Crawler Tracking
Connect Cloudflare, Vercel, Netlify, Next.js, CloudFront, WordPress, Node, Nginx, or webhook-based edge stacks to send AI crawler visits into Trakkr - or install the lightweight tracking pixel.
- Pick the right capture path for your site - tracking pixel or server-side connection
- Connect Cloudflare, Vercel, Netlify, Next.js, AWS CloudFront, WordPress, Node / Express, Nginx / OpenResty, or Akamai / Fastly / other webhook sources
- Verify the pipeline works in 30 seconds with the synthetic verification ping
- Backfill historical visits automatically when you connect a server-side platform
This page is the install hub. If you want to understand what crawler tracking is and how to read your data, start with AI Crawlers. If you're here to wire it up, you're in the right place.

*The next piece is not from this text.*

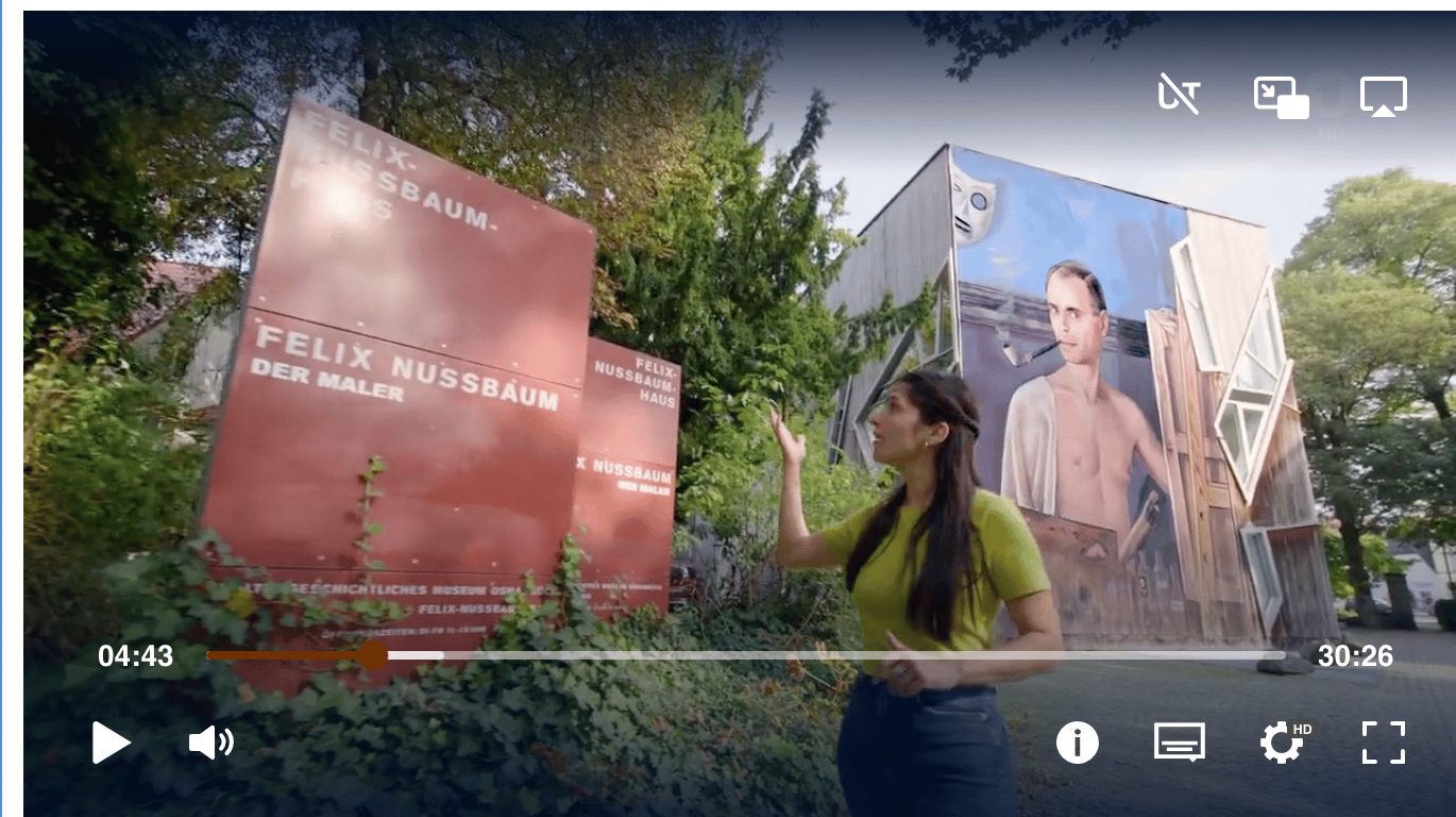 „Die Sendung mit der Maus“ hat das Felix-Nussbaum-Haus besucht! Moderatorin Clarissa zeigt nicht nur Nussbaums Weg von Osnabrück ins Exil, sondern lässt auch ein bisher unveröffentlichtes Trickfilm-Drehbuch des Malers erstmals als Animation lebendig werden. Ein berührender Blick auf unsere Stadtgeschichte, kindgerecht und absolut sehenswert.

There are two paths to get crawler data into Trakkr. You only need one, but you can run both - Trakkr deduplicates events by hash so you won't see double counts.
Path 1: Tracking pixel
The fastest setup. A small JavaScript snippet that runs in your visitors' browsers, detects AI bot user agents, and forwards them to Trakkr. Two minutes from copy to verified.

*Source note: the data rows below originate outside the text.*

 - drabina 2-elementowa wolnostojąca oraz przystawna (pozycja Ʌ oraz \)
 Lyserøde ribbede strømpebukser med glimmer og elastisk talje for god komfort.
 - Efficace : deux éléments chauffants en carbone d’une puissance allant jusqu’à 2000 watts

Best for: marketing sites, Webflow, Framer, Carrd, simple WordPress sites, anywhere you can drop a script tag in the <head>.
Install in three steps
- 1Open Crawler in the sidebar
- 2In the empty state, click Install tracking to reveal your unique snippet
- 3Paste the snippet into your site's
<head>element and deploy
<script async src="https://pixel.trakkr.ai/t.js" data-id="YOUR_TRACKING_ID"></script>The pixel is under 1 KB and asynchronous - it won't affect your page load time.
Verify the install
In Trakkr, click Send Verification. This fetches your homepage with a GPTBot user agent and confirms the detection pipeline is healthy. You'll see a "Verified ✓" event in the Feed within about 30 seconds.

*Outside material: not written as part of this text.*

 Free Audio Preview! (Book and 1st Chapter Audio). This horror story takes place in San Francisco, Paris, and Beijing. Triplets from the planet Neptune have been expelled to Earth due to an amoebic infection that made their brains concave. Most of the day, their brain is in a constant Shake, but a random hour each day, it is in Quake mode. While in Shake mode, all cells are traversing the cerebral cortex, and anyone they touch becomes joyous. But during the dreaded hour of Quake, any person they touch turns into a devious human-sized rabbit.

If the verification event doesn't appear:
- Make sure you deployed your site after pasting the snippet
- Check that your CDN (Cloudflare, Fastly) isn't stripping the script tag
- Confirm the snippet is in the
<head>, not the<body>
What the pixel can and can't see
The pixel runs in the browser, so it only catches crawlers that execute JavaScript. Most modern AI bots do, but a few don't - and any bot that gets blocked at the WAF before reaching your page will never trigger the pixel.
If you want to catch every visit (including bots that don't run JS, or bots that get rate-limited at the edge), use a server-side connection instead.
Path 2: Server-side platform connections
Server-side integrations read from your CDN, host, or log drain directly. They see every request that hits your origin - including non-JS bots, blocked bots, and 404s on URLs that no longer exist.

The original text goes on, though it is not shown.